Why new COVID-19 variants are on the rise and spreading around the world
Each dot represents a SARS-CoV-2 genome, with branches connecting related viruses to their ancestors. The centre representss the virus introduced into humans. The viruses furthest from the centre carry more mutations. Highlighted in gold are the three new variants. (NextStrain)
The key question in 2021 is whether the new strains of coronavirus will be able to eradicate the vaccine-induced immunity.

This paper on JAMA by John P Moore and Paul A Offit of Cornell and Pennsylvania Universities has been recently published on JAMA.

The protection that vaccines provide against COVID-19 infection is mediated primarily by neutralizing antibodies directed against the S protein of SARS-CoV-2, which the virus uses to invade human cells.

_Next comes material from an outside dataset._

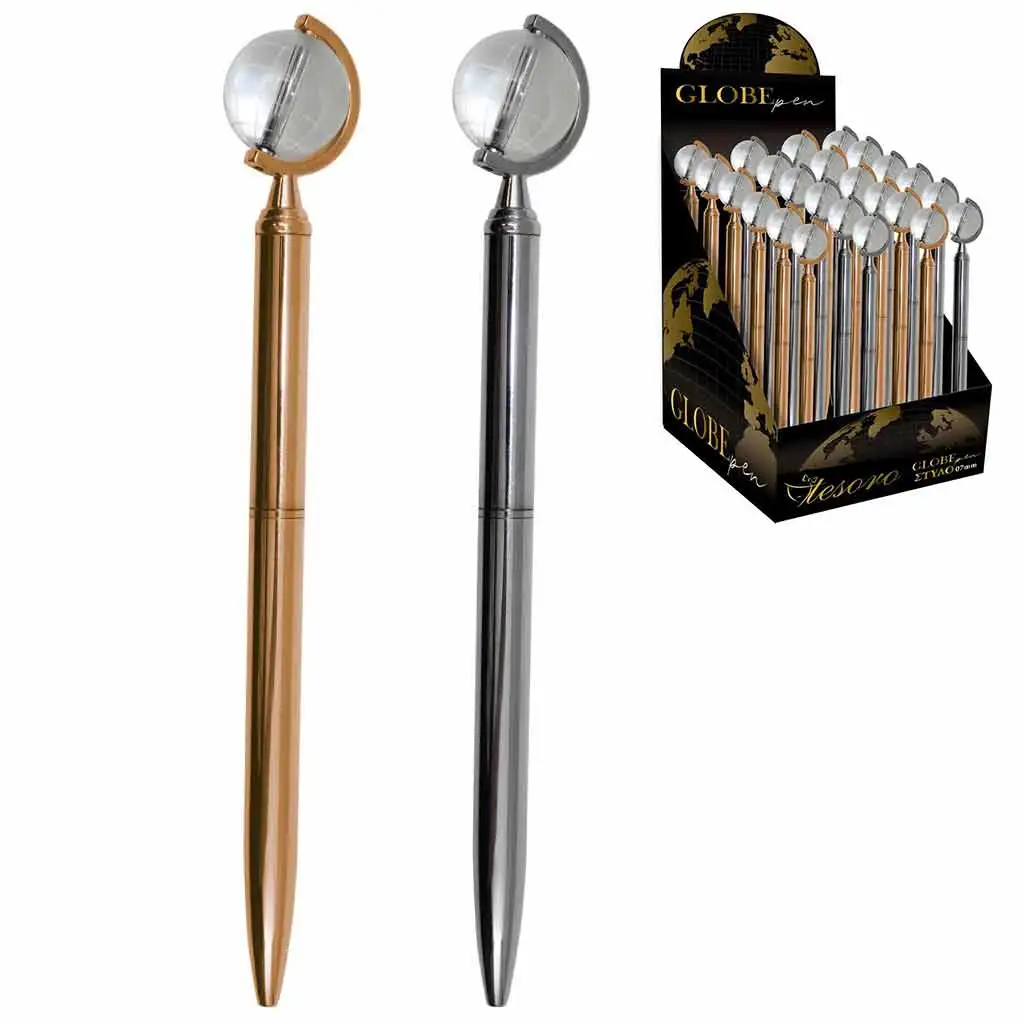 Spoznajte Luna Tesoro vrtljivi svetovni globus končni modri kemični svinčnik, ki je lahko popolna izbira za vse ljubitelje pisal, ki želijo svoji zbirki pisal dodati nekaj edinstvenosti! Svinčnik je na voljo v dveh različicah: elegantni zlati in sodobni srebrni barvi, tako da lahko vsak najde nekaj za svoj stil.

The new strains show variations in the S protein that increase affinity for the ACE2 receptor and create an advantage in virus-to-individual transmission. Theoretically, the effectiveness of vaccines could be influenced by new strains of the virus that can be created when there is evolutionary pressure on the virus by antibodies that restrict but do not eliminate viral replication.

Under such conditions, the virus can find ways to escape the immune response and reproduce efficiently. This is one of the main reasons why the second dose of the vaccine should not be delayed. The evolutionary biology of the virus has been a reality since the early stages of the pandemic.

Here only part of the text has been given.